The City & the City: what makes a city a uniquely strange place?
How to Read and Analyse a Novel: Analysing 'the City'
This post is part of a course I’m currently running for paid subscribers called How to Read and Analyse a Novel—we have now moved on to reading and discussing individual books! With each book, we are taking a particular topic or theme and exploring its role in the novel; this allows for a reading which is both focussed and comprehensive, helping you hone your analytical skills. Today we are looking at the city in China Miéville’s The City & the City. For full introductory details and the reading list, start here. If you’d like to join but feel like you’re too late, please do—you can take this completely at your own speed, and I will continue to keep up with comments and thoughts on all the books we discuss. You can adjust your notification settings here if you would like to opt out of these emails.

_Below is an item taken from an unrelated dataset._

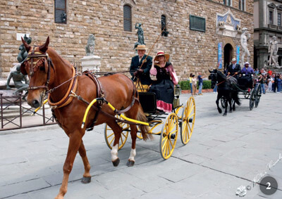 I negoziati si presentavano difficili perché nella città di Firenze ci sono molti, molti eventi e, per questo, il Comune permette di inserirne in calendario di nuovi solo se presentano un collegamento storico ben chiaro. Il nome dell’evento, quindi, si riferisce alla storia di Firenze. “Cocchi” è una vecchia parola tipica di Firenze ed è derivata dal nome ungherese “kocs”, che sta per carrozza. Il Marzocco è il leone araldico che è il simbolo della città. La più famosa statua del leone del Marzocco fu scolpita dallo scultore Donatello nell’anno 1418. Per quanto riguarda gli organizzatori in loco, erano Mirko Belli e Carlo Girivetto, responsabili GIA dell’evento. I cavalli dei 14 partecipanti erano alloggiati nelle stcuderie dell’Ippodromo del Visarno a Firenze. Secondo il programma venerdì 6 maggio avremmo dovuto partire per fare un giro in carrozza attraverso la città fino alle Scuderie dei Medici. Ma è andata male… pioveva questo giorno e i vetturini italiani non guidano i cavalli sotto la pioggia. E curioso ma vero.

The City & the City is not your average police procedural. Sure, we have some of the usual characteristics: a murder, an emotionally unavailable detective, a bunch of red herrings. And, of course, a dark and dingy city. Only in this novel, we have two of them, and they sit on, in, and around each other. Two nation-state cities with different languages, different cultures, different architectural styles, and different legal systems. How does it work? Well, the citizens of each city are taught to “unsee” the other, allowing the two to co-exist, though not always comfortably.
It’s a mad premise, but of course veteran ‘Weird’ author China Miéville handles it with ease. If anything the dynamics felt even more convincing to me on a second read, and I also better appreciated the way Miéville handled reader expectation with regard to the crime genre and its tropes.
Miéville will always be one of the best city writers to me; very few manage to capture the life of a city as well as he. If I could’ve assigned 600-page tome Perdido Street Station, I would’ve. The City & the City stands out in his oeuvre for not employing some of the richer, more baroque writing of some of his other work—he naturally emulates the sparer prose style of the detective fiction he is riffing off—but what it lacks for in vivid imagery and description, it makes up for in a premise that captures the very idea of ‘a city’ in illuminating and surprising ways. Today, we’ll be looking more closely at the way Miéville draws out this idea.